Q: So what were the major learnings? What do you think patients or consumers are looking for today in the digital health experience? What insights did you get from that, which you then used to improve the systems and make it work?
David: That’s a good question. I’d say we weren’t really meeting the patients where they are. We weren’t providing the opportunities that newer generations—like millennials and Gen Z—are asking for. We were stuck in the mindset that our core population is Medicare. It was a bit of a misnomer on our part, thinking we shouldn’t roll out too much technology because older patients may not have it.
We found out that almost everyone now has access to technology, or they have a caregiver who does. That realization was one of the driving factors. We also started listening more to our patients—reaching out to those who passed on scheduling or cancelled, and understanding why. Since implementing changes, we’ve seen a decline in cancellation rates in a short time. It’s not necessarily tailored medicine, but we’re definitely tailoring the experience to meet patient expectations, and we have to evolve with that.

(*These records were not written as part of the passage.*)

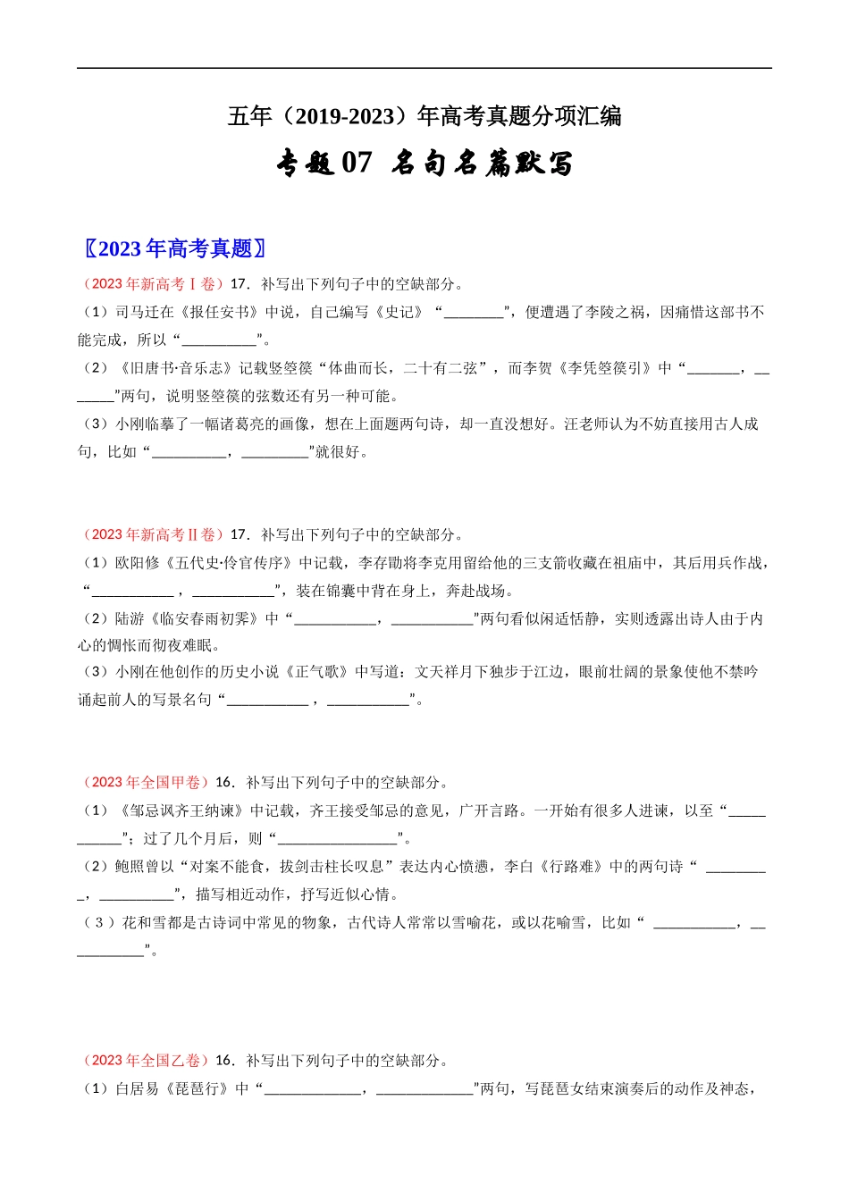 专题07 名句名篇默写-五年(2019-2023)高考语文真题分项汇编(全国通用) (原卷版).docx
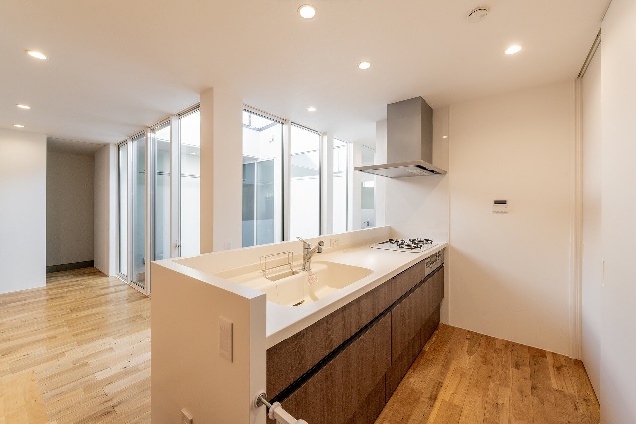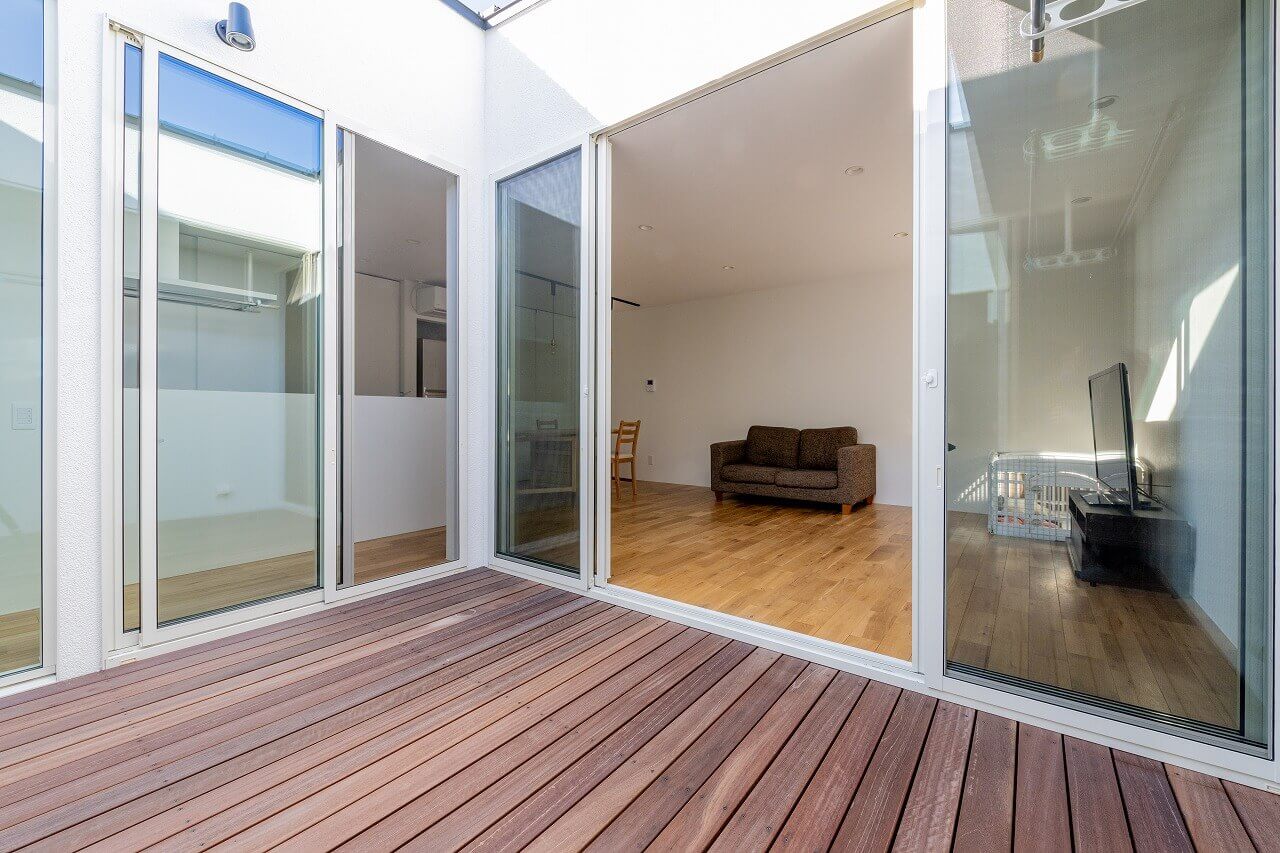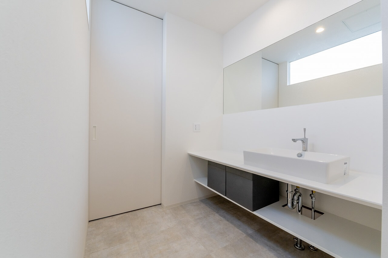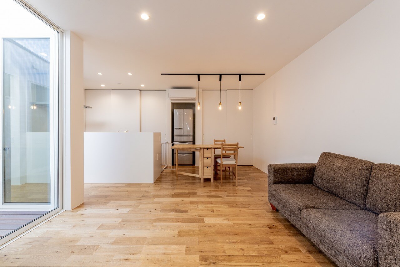 黒のガルバリウムの外観に合わせ、玄関の色合い黒にすることで統一感が生まれ、シックな印象に。 また、室内の家具を配置をスッキリさせ、動線を確保することで、天井高の窓や扉から解放感が生まれます。 ナラ材が使用された床は、「トラフ」という独特の木目が現れ、味わいのある室内にみせてくれます。 #4234037
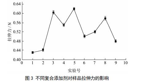 科學(xué)研究了不一樣復(fù)合型添加物對紅薯粉試品的拉長力及其斷條率的危害,結(jié)果如圖所示3、圖4所顯示。
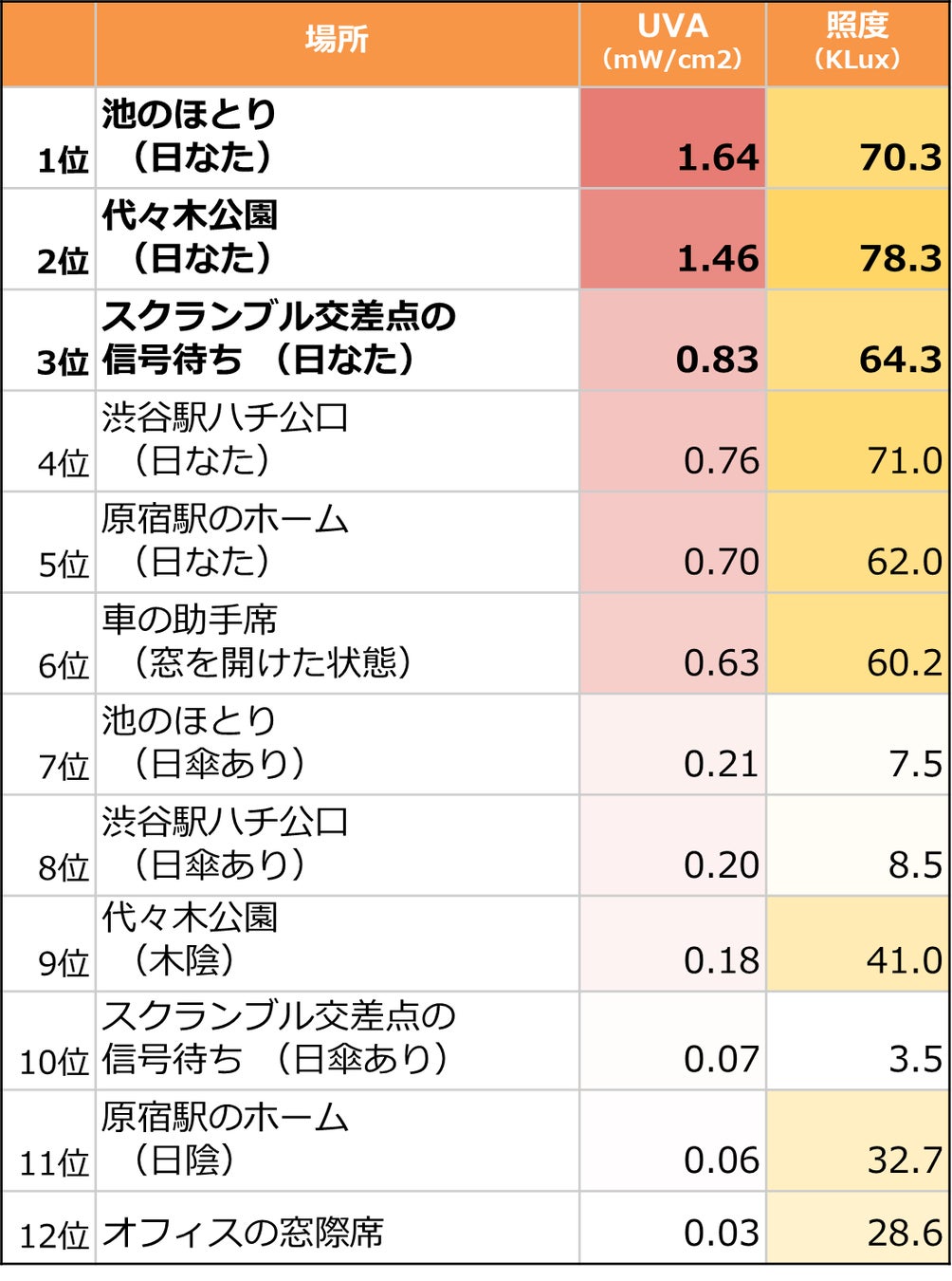 今回の検証実験では、池のほとり(日なた)> 代々木公園(日なた)> スクランブル交差点の信号待ち(日なた)の順に、UVAが強いという結果が出ました。天候の変化や陰による各数値の変化に着目すると、UVAの減少率は照度の減少率に比べるとあまり大きくないことがわかります。目に見える明るさとリンクしていないため、油断するとうっかりUVAを浴びてしまう可能性が高くなります。

Q: So this leads nicely to the next question. I think it’s a valuable insight where you’re saying that you can’t just wait for things to happen. You can’t push back and say, “This group is not going to use the technology,” because it’s coming, and you have to be ready for it. That’s similar to how we feel about AI and generative AI. Every organization needs to at least recognize that it’s out there and consider the use cases within their own organization. How do you feel about that? I saw one of the questions you sent about AI said, “Just because we can, doesn’t mean we should,” but you also mentioned that you had to get on the technology bandwagon. How do you feel about something similar now applying to AI?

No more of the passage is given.